Matador, 2012
[rating:7/10]

Time and distance, be it geographical or emotional, have always been great assets to a songwriter. The ability to cease all activity, to step off the treadmill and get his/her shit straight, to let real life take precedence.

In a career that’s had its share of ups and downs, Chan Marshall has certainly had her reasons. The 6 years preceding her last album of original material, gave way to her second covers album Jukebox and several years of touring with her Delta Blues band, allowing Marshall to lend full weight to her love of blues and soul.

What’s clear from the outset is that Sun is not an ordinary Cat Power album. In what Marshall has called “a rebirth”, Sun balances itself with looped beats and samples against the stark piano and guitar ruminations of old. Here opener “Cherokee” and the title track become mid-90’s trip-hop fare that sound dated and more passable experiments that work than anything else. Having grown accustomed to Marshall’s more traditional means, Sun does lend weight to the “rebirth” claims.

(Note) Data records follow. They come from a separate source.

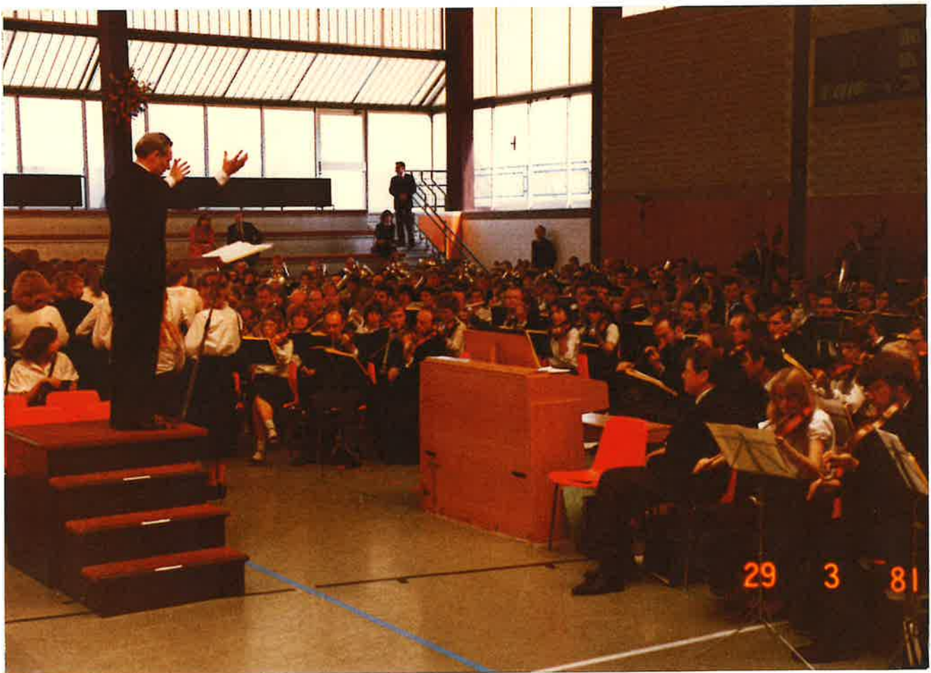
Jugenddienst am 29. 3. 1981 in der Hinterlandhalle Instrumentalchor
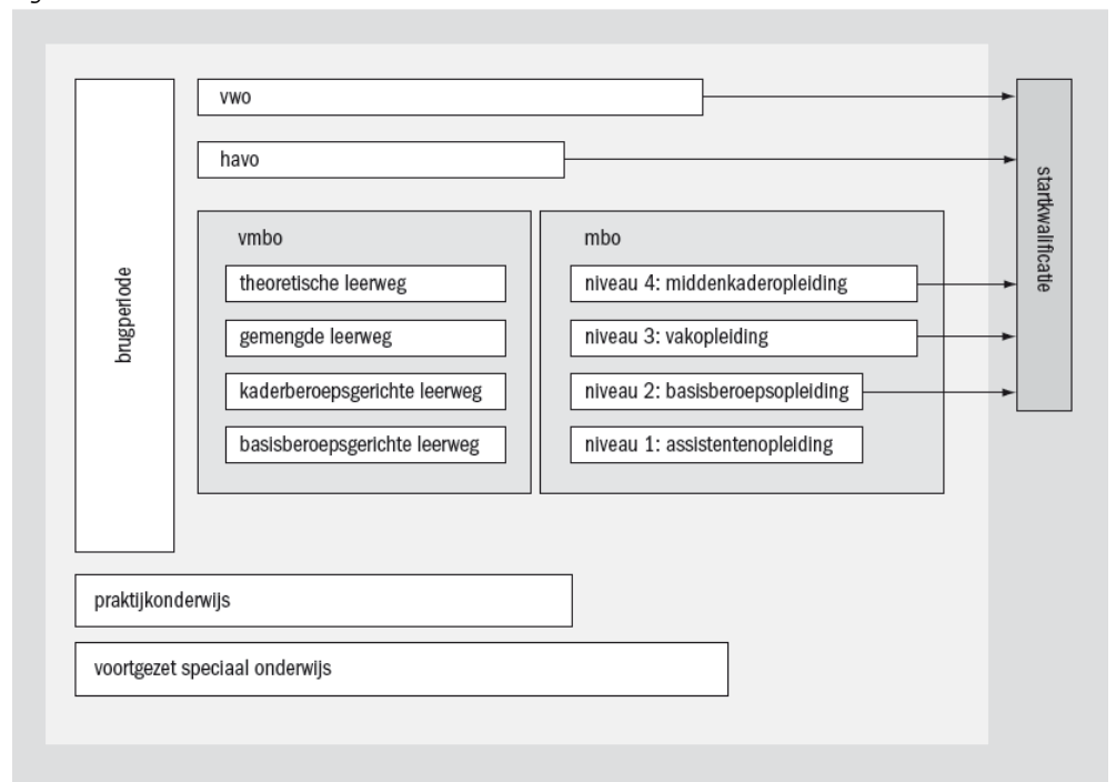
Figuur 1 Routes naar een startkwalificatie
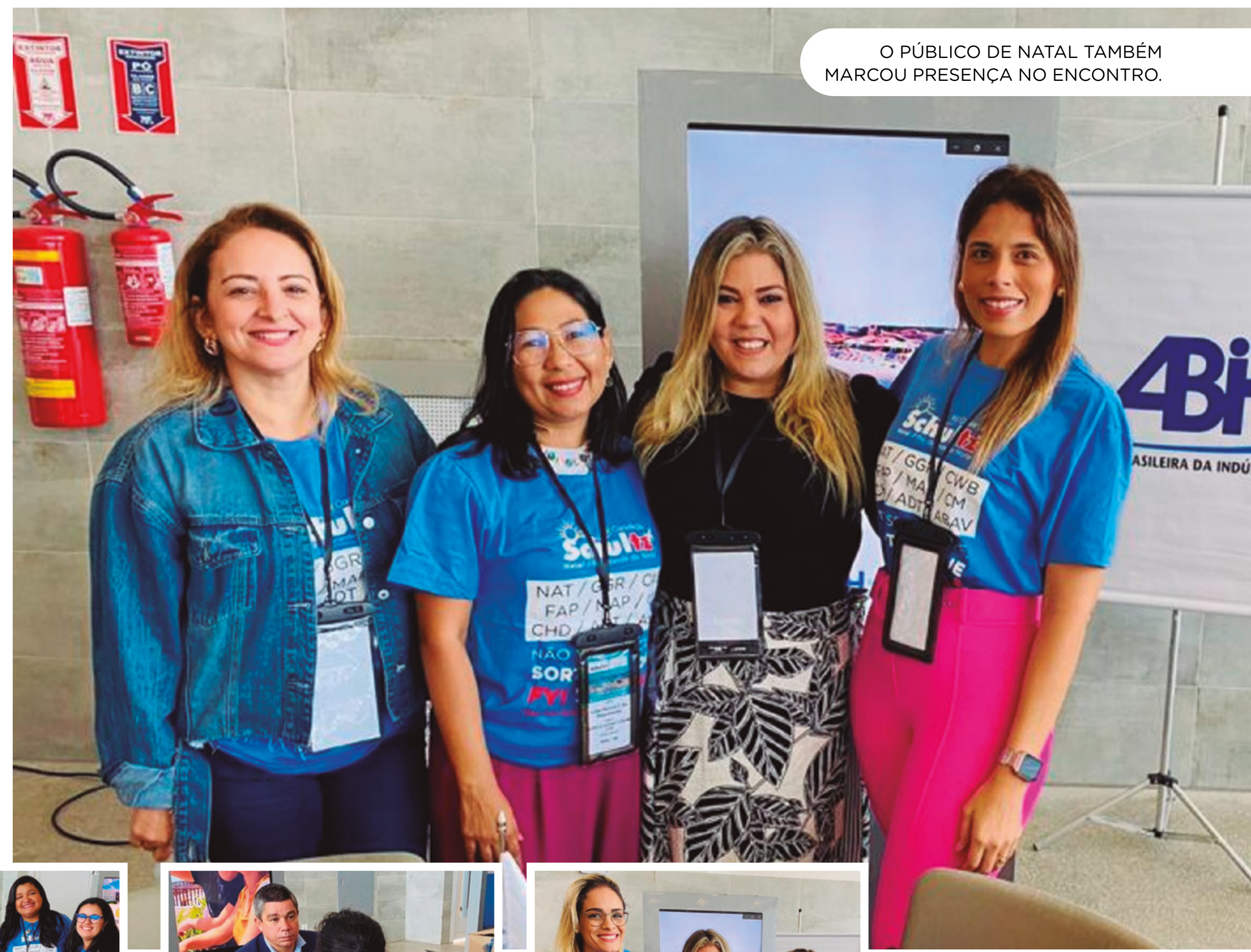
O PÚBLICO DE NATAL TAMBÉM MARCOU PRESENÇA NO ENCONTRO.
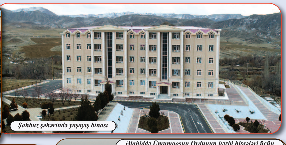
Şahbuz şəhərində yaşayış binası
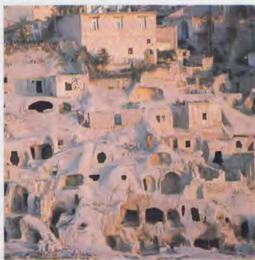
Paesaggi della Cappadocia
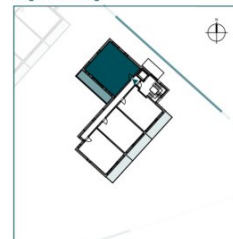
Top 8 // 1. OG // 3 Zimmer
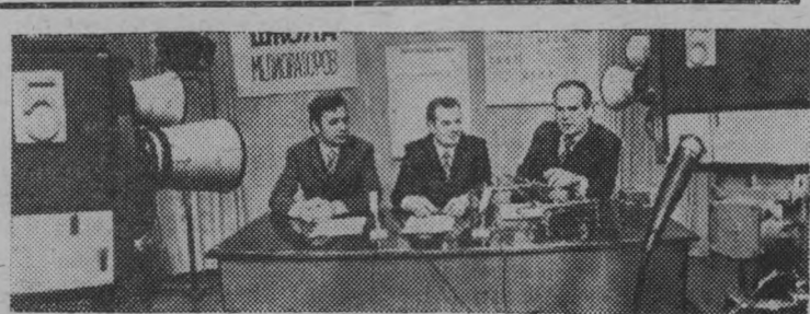
При Саратовском областном телевидении работает школа мелиораторов.

Для заготовки 15 тысяч тонн сенажа и 30 тысяч тонн силоса достаточно многолетних, однолетних трав, силосных культур. Район располагает большим количеством силосоуборочной техники: всего семьдесят машин. Если в работе будет только пятьдесят машин, то ежедневно можно свободно закладывать по 2500-3000 тонн силоса.
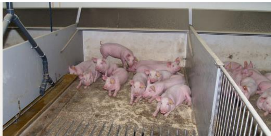
Figur 2. Stald med åben stiedskillelse i gødearealet. Kun hvor anden stiedskillelse har å
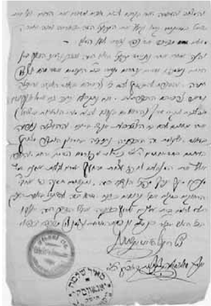
מכתב בחתימתו של הרמ"ש יאנאווסקי
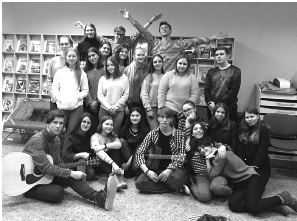
Материалы подготовили Наталья Иванова и Людмила Голубева.

Такой формат времяпровождения нравится юным горожанам. Это возможность интересно провести досуг со сверстниками, а также найти новых друзей.
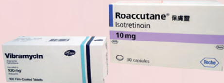
▶口服藥物四環素抗生素（左）及維他命A（右）適合中度至嚴重暗瘡患者使用。

中度及嚴重患者亦要做足以上改善措施，亦可以配合口服藥物治療，分為三類。第一類為四環素抗生素及紅霉素抗生素，有效殺菌及消炎，療程大概需時一至三個月。第二類是避孕藥，醫生處方此藥前需要與患者溝通，女士若有暗瘡問題，同時經期問題或有避孕需要，可以選擇此藥。第三類為口服維他命A或二維A酸，是最有效的暗瘡藥，療程為四至六個月，但並非所有病人適用，因為維他命A會減少油脂分泌，可以引致服食者皮膚乾燥，若本身有濕疹的患者濕疹可能會更加嚴重。其他不常見副作用包括：長時間服用可能會影響肝功能及影響血液內三脂甘油的水平。
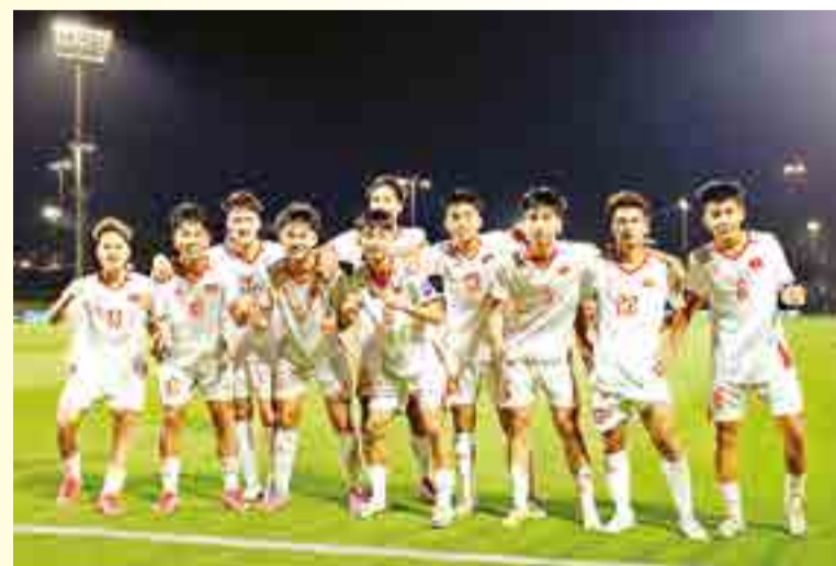
● Các cầu thủ U17 Việt Nam trong trận thắng U17 Yemen.

Such comfortability in sound and songwriting is what claimed the first abortive attempt at recording the album with her Delta Blues Boys, with Marshall wiping the slate clean and taking a self-sufficient approach to the recording and production of the album. Only on the groove-laden rolling pianos of “Ruin”, do her old bandmates make an appearance to lend Sun one of its stand-out moments.

There are some who will frown on the more experimental side and warm to when Marshall keeps the instrumentation simple and allows her voice and words to take precedence. The straight-played serious call of “Human Being”‘ and its key lyric — “you got a right to scream when they don’t want you to speak” is one example where Marshall cuts to the heart of her message, and Sun is full of them.

It’s a record of redemption and spirit and spirituality and strength. Like on the Iggy Pop assisted word to the young, “Nothin’ But Time” and closer “Peace and Love”, where Marshall lays it all down, a rambling woman in excelsis — “peace and love is a famous generation/i’m in love but i’m in it to win it”. Sun makes for a convincing case.